INPUT FOR THIS TASK Block Start
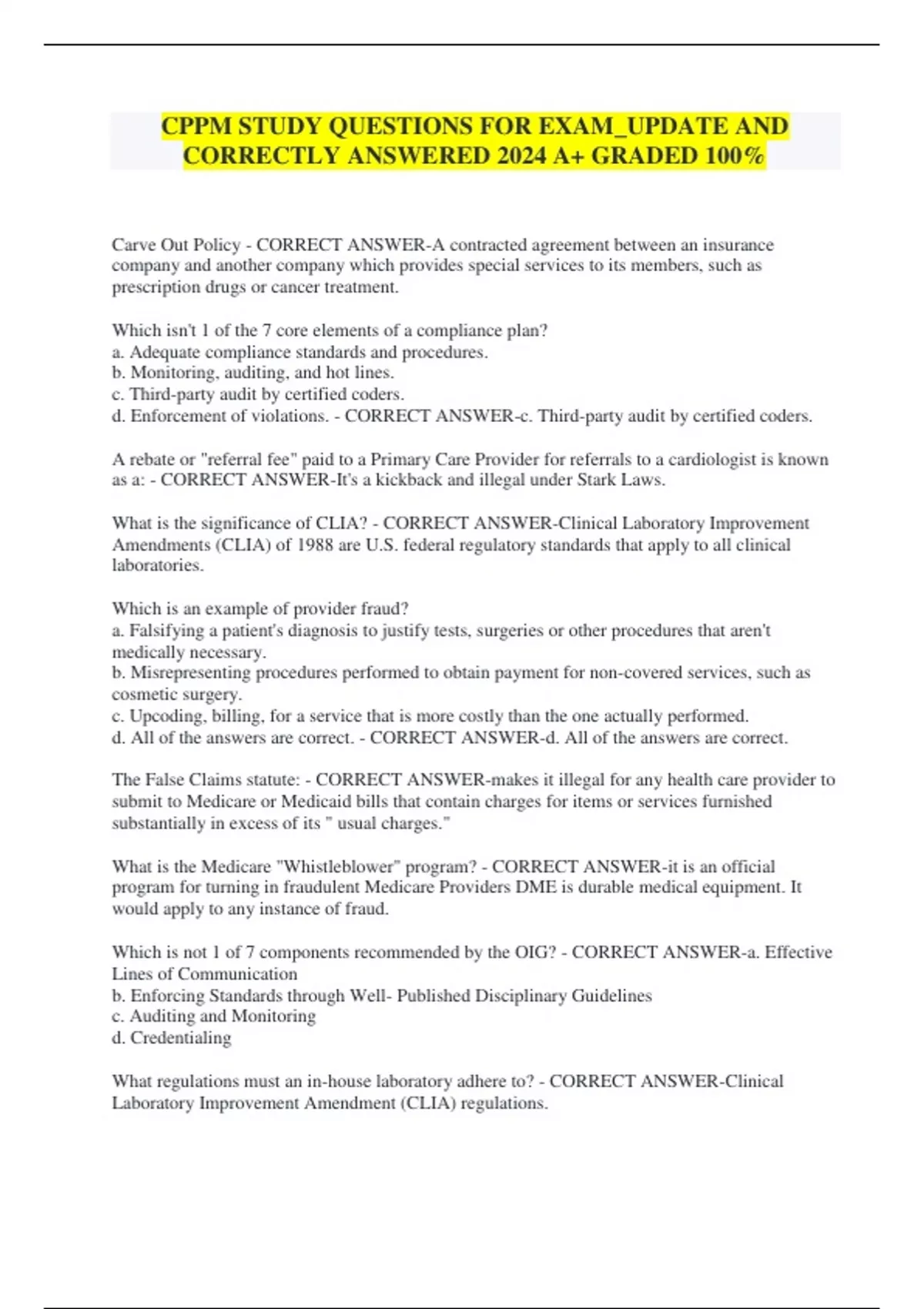 CPPM STUDY QUESTIONS FOR EXAM_UPDATE AND CORRECTLY ANSWERED 2024 A+ GRADED 100% Carve Out Policy - CORRECT ANSWER-A contracted agreement between an insurance company and another company which provides special services to its members, such as prescription drugs or cancer treatment. Which isn't 1 of the 7 core elements of a compliance plan? a. Adequate compliance standards and procedures. b. Monitoring, auditing, and hot lines. c. Third-party audit by certified coders. d. Enforcement of violations. - CORRECT ANSWER-c. Third-party audit by certified coders. A rebate or "referral fee" paid to a Primary Care Provider for referrals to a cardiologist is known as a: - CORRECT ANSWER-It's a kickback and illegal under Stark Laws. What is the significance of CLIA? - CORRECT ANSWER-Clinical Laboratory Improvement Amendments (CLIA) of 1988 are U.S. federal regulatory standards that apply to all clinical laboratories. Which is an example of provider fraud? a. Falsifying a patient's diagnosis to justify tests, surgeries or other procedures that aren't medically necessary. b. Misrepresenting procedures performed to obtain payment for non-covered services, such as cosmetic surgery. c. Upcoding, billing, for a service that is more costly than the one actually performed. d. All of the answers are correct. - CORRECT ANSWER-d. All of the answers are correct. The False Claims statute: - CORRECT ANSWER-makes it illegal for any health care provider to submit to Medicare or Medicaid bills that contain charges for items or services furnished substantially in excess of its " usual charges." What is the Medicare "Whistleblower" program? - CORRECT ANSWER-it is an official program for turning in fraudulent Medicare Providers DME is durable medical equipment. It would apply to any instance of fraud. Which is not 1 of 7 components recommended by the OIG? - CORRECT ANSWER-a. Effective Lines of Communication b. Enforcing Standards through Well- Published Disciplinary Guidelines c. Auditing and Monitoring d. Credentialing What regulations must an in-house laboratory adhere to? - CORRECT ANSWER-Clinical Laboratory Improvement Amendment (CLIA) regulations. Intentional deception or misrepresentation intended to result in an unauthorized benefit is known as: - CORRECT ANSWER-Fraud What is true about the False Claims Act (FCA)? - CORRECT ANSWER-The FCA permits a person with knowledge of fraud against the U.S. Government, to file a lawsuit on behalf of the government against the person or business that committed the fraud. Ther have been several large claims submitted. A kickback is: - CORRECT ANSWER-an offer to pay, solicit, or receive any compensation in any form, either directly or indirectly, in return for referring or generating services or other business for which payment may be made under Medicare or other Federal Health Care Programs. This rule only applies to federal or state programs including Medicare or Medicaid. The False Claims Act (FCA): - CORRECT ANSWER-is a federal statute that covers fraud involving any federally funded contract or program, including Medicare and Medicaid. -establishes liability for any person who knowingly presents or causes to be presented a false or fraudulent claim to the government for payment. -does not require proof of a specific intent to defraud the government. Charging for services that are not medically necessary, do not conform to professionally recognized standards, or are unfairly priced is known as: - CORRECT ANSWER-abuse Emergency services should be provided in accordance with: - CORRECT ANSWER-Emergency Medical Treatment and Active Labor Act (EMTALA) It is permissible to waive patient co-payments or deductibles: - CORRECT ANSWER-never Which is a task that the OIG does not conduct? a. audits, evaluations, and investigations b. providing guidance to industry. c. imposing civil monetary penalties (CMP) d. all of the answers are correct. - CORRECT ANSWER-d. all of the answers are correct. What is the role of JCAHO? - CORRECT ANSWER-operates fee-based, accreditation programs to subscriber hospitals and other healthcare organizations. Which is not a focus of the OIG Work Plan? - CORRECT ANSWER-Training What is the significance of the Stark Laws? - CORRECT ANSWER-These laws prohibit a physician from referring a Medicare patient to an entity for certain designated health services if the physician has a financial relationship with the entity that bills Medicare. A hospital Emergency Department (ED) must be: - CORRECT ANSWER-Accessible 24 hours a day, every day A Medicare Participating Provider is: a. a provider who accepts assignments for Medicare Claims b. a provider who only charges the patient according to the Medicare Fee Schedule. c. who participates in the Medicare Plus Choices Program. d. all of the above - CORRECT ANSWER-d. all of the above What is the definition of a composite APC? - CORRECT ANSWER-Medicare pays a single rate for a service that is reported with a combination of HCPCS comments on the same date or different date of service rather than paying for each procedure or service under a specific APC. CMS has delineated three mechanisms for payment of medical and surgical procedures (inpatient vs outpatient): - CORRECT ANSWER-Outpatient Surgical Services (APC reimbursed procedures not on the "inpatient only" list); Inpatient Surgical Services (DRG reimbursed) Freestanding ASC (Fee-based) Where would one find "timely filing" information for an Insurance Carrier? a. all carriers follow the PFRSRVU Medicare database TFI guidelines b. CPT Manual c. AHA Coding Clinic d. Each carrier publishes their own Timely Filing Period - CORRECT ANSWER-d. Each carrier publishes their own Timely Filing Period Which of the following would be MOST correct concerning ABN's (Advanced Beneficiary Notice? a. ABN's were introduced in 2015 b. ABN's were replaced with the advent of HIPAA c. ABN's would rarely be used in a pediatric facility d. None of the answers are correct. - CORRECT ANSWER-c. AB
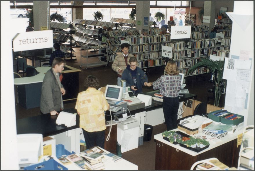 The issues and return area of the Palmerston North Public Library. Taken on the occasion of the millionth issue of a library item.
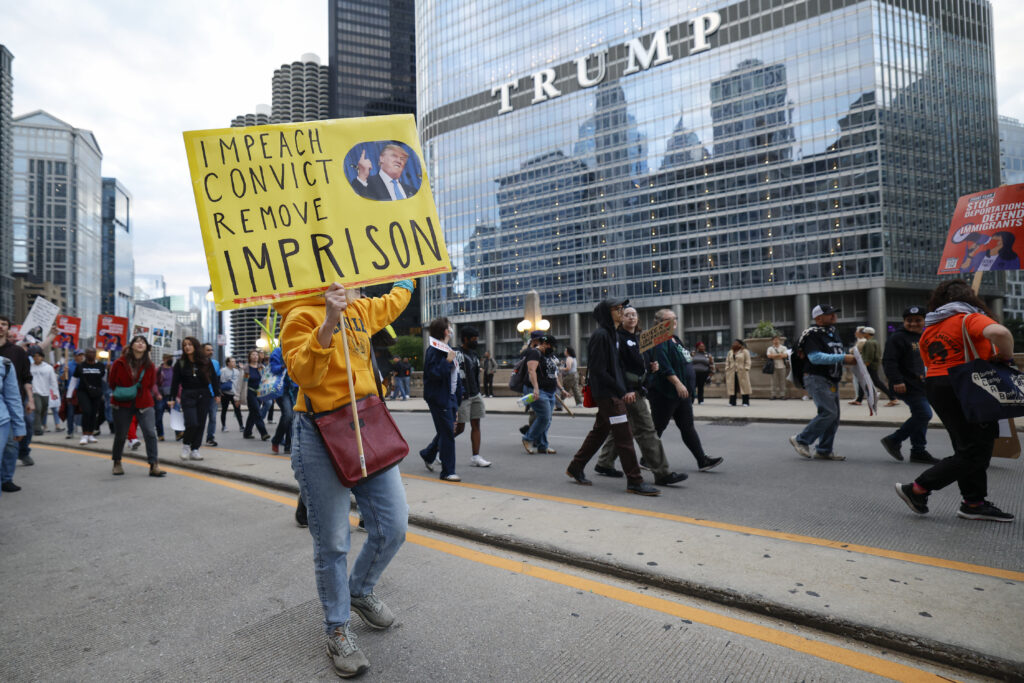 President Donald Trump threatened on Saturday to unleash his newly rebranded “Department of War” on Chicago, further heightening tensions over his push to deploy troops into Democratic-led US cities.The move seeks to replicate an operation in the US capital Washington, where Trump deployed National Guard troops and boosted numbers of federal agents, sparking a backlash and a fresh protest on Saturday that drew thousands.”Chicago about to find out why it’s called the Department of WAR,” Trump posted Saturday on his Truth Social account. The Democratic governor of Illinois, where Chicago is located, voiced outrage at Trump’s post.”The President of the United States is threatening to go to war with an American city. This is not a joke. This is not normal,” Governor JB Pritzker wrote in a post on X.”Illinois won’t be intimidated by a wannabe dictator,” he added.The post featured an apparent AI image of Trump and the quote: “I love the smell of deportations in the morning” — both references to the 1979 Vietnam War film “Apocalypse Now”.In the film, the line is spoken by Lt. Col. Bill Kilgore who says he loves the smell of “napalm” — not “deportations” — as the American military drops the highly flammable weapon on Vietnamese targets. The 79-year-old Republican has steadily ramped up threats against Chicago, since an early mention of it at the end of August.Anti-Trump protesters took to the streets of Chicago on Saturday, carrying signs that read “stop this fascist regime!” and “no Trump, no troops.” The protest route also went past Chicago’s Trump tower, and protesters made rude gestures at the president’s building as they walked past.On Saturday in the US capital, where National Guard troops have been deployed since Trump declared a “crime emergency” in August, a thousands-strong protest march wound through downtown with participants demanding an end to the “occupation.”Demonstrators in DC carried inverted US flags as they marched past the country’s national monuments, traditionally a symbol of a country facing existential peril.Trump’s troop and federal agent deployments — which first began in June in Los Angeles, followed by Washington — have prompted legal challenges and protests, with critics calling them an authoritarian show of force.Local officials in Los Angeles spoke out against the deployments and the violent tactics employed by ICE agents in Los Angeles, who often wore masks, drove in unmarked cars and chased down and snatched people from the streets without cause or warrants. In addition to Chicago, Trump has threatened to replicate the surges in Democratic-led Baltimore and New Orleans.On Friday, Trump signed an order changing the name of the Department of Defense to the Department of War, saying it sends “a message of victory” to the world.Pentagon chief Pete Hegseth cheered the move, saying the US will decisively exact violence to reach its aims, without apology.
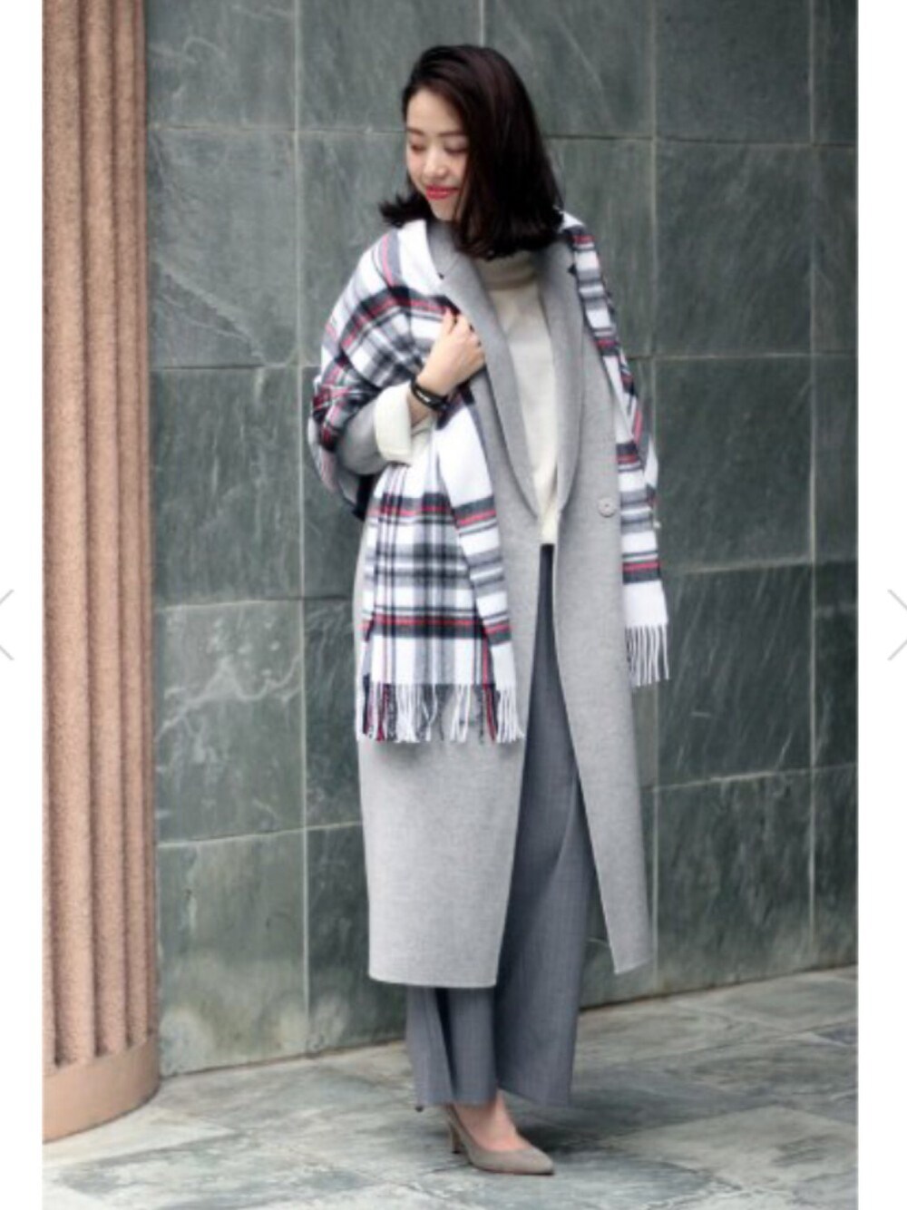 JoshuaEllisに別注をかけたチェック柄ストール。 グレーのワントーンコーデにプラスで決まり。
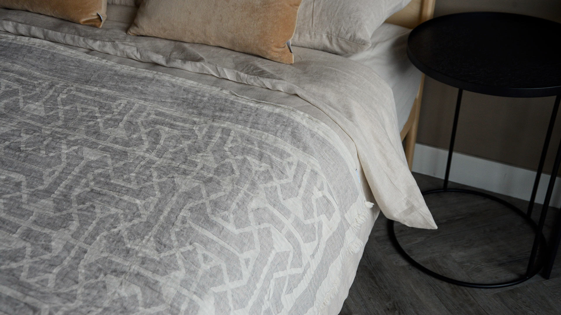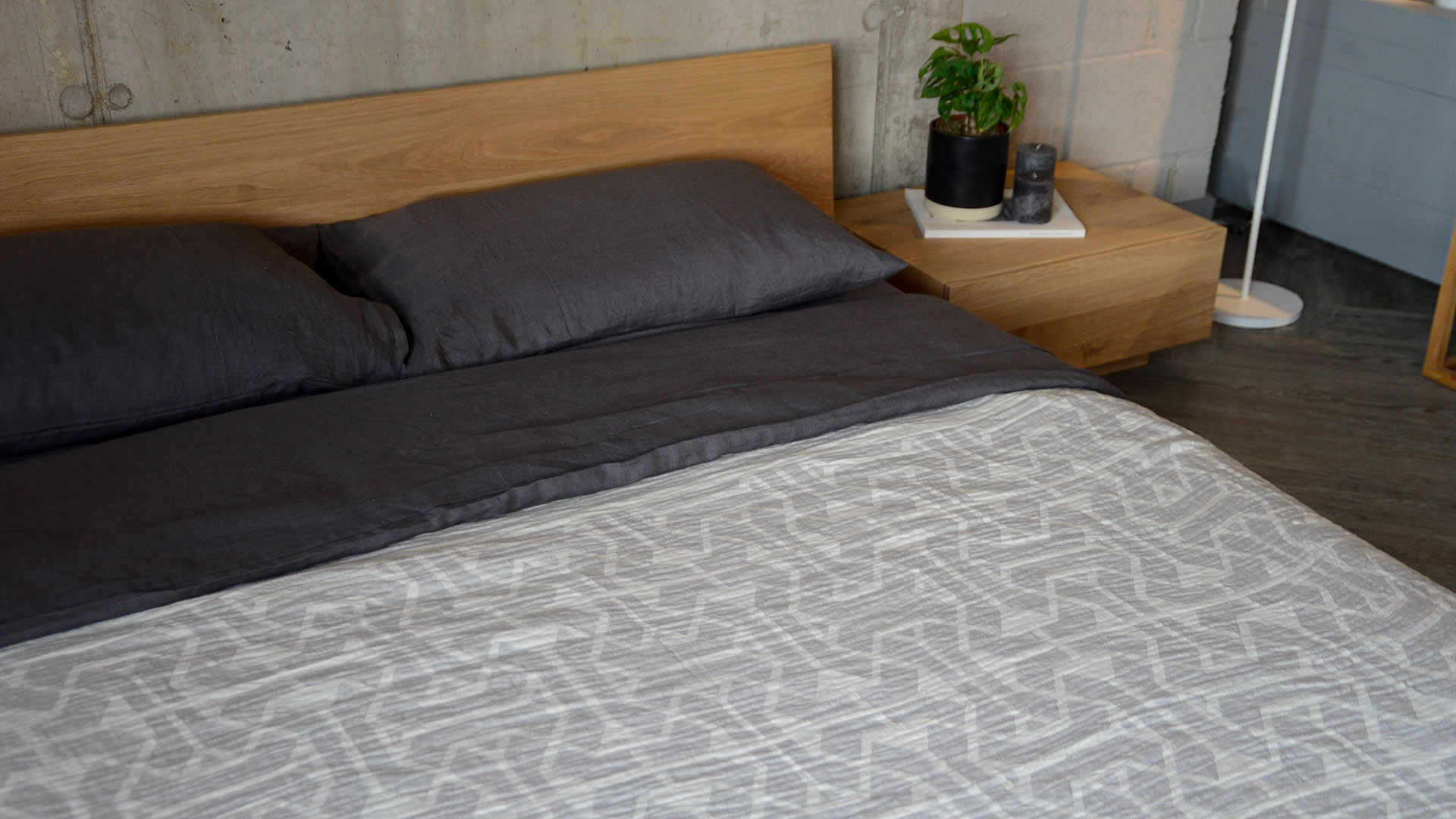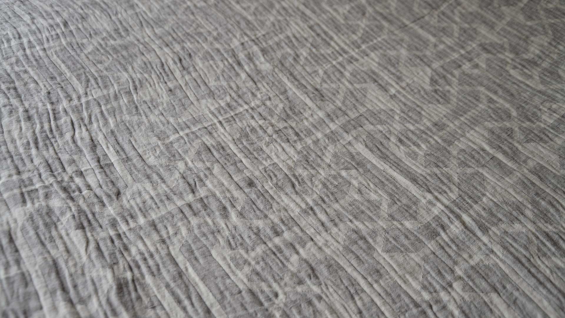 A modern grey throw overlayed with a subtle ivory graphic pattern. This throw is made from a cotton and linen blend, making it both cosy and lightweight.
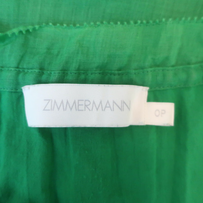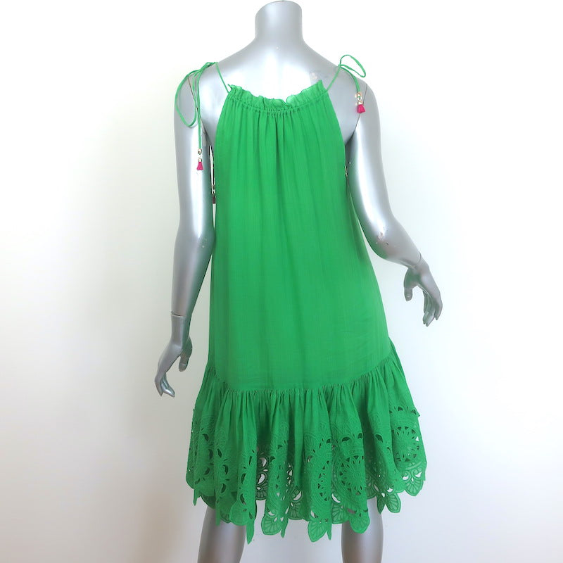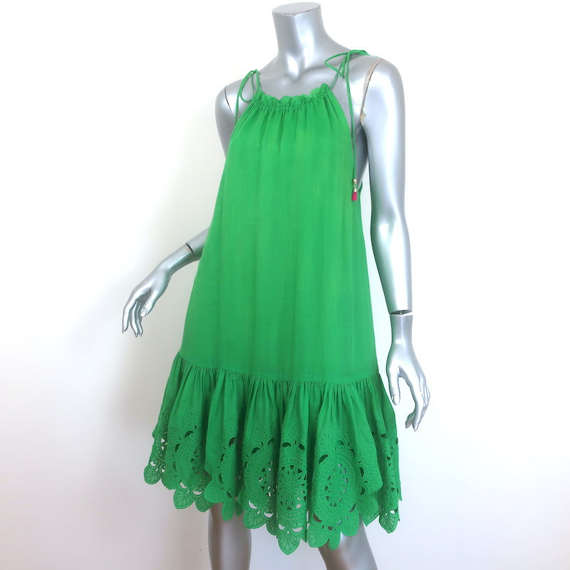 Zimmermann Teddy Broderie Anglaise Mini Dress Green Ramie Size 0P
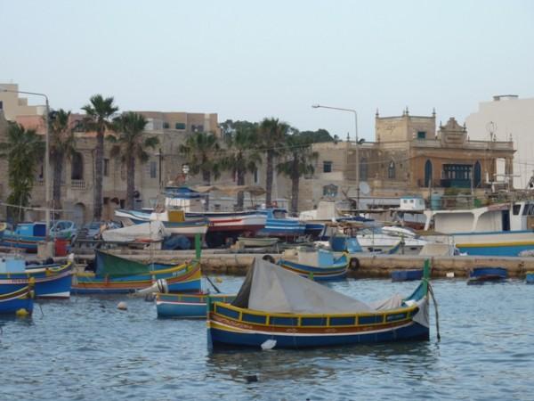 Luzzu - typické maltské loďky v Marsaxlokku.
INPUT FOR THIS TASK Block End
◆ TASK ITEM
The lines wanted are those from the one with "A modern grey" to the end of the entries above, repeated exactly, both ends included. Leave out the pictures.

◆ EXERCISE SOLUTION
 A modern grey throw overlayed with a subtle ivory graphic pattern. This throw is made from a cotton and linen blend, making it both cosy and lightweight.
 Zimmermann Teddy Broderie Anglaise Mini Dress Green Ramie Size 0P
 Luzzu - typické maltské loďky v Marsaxlokku.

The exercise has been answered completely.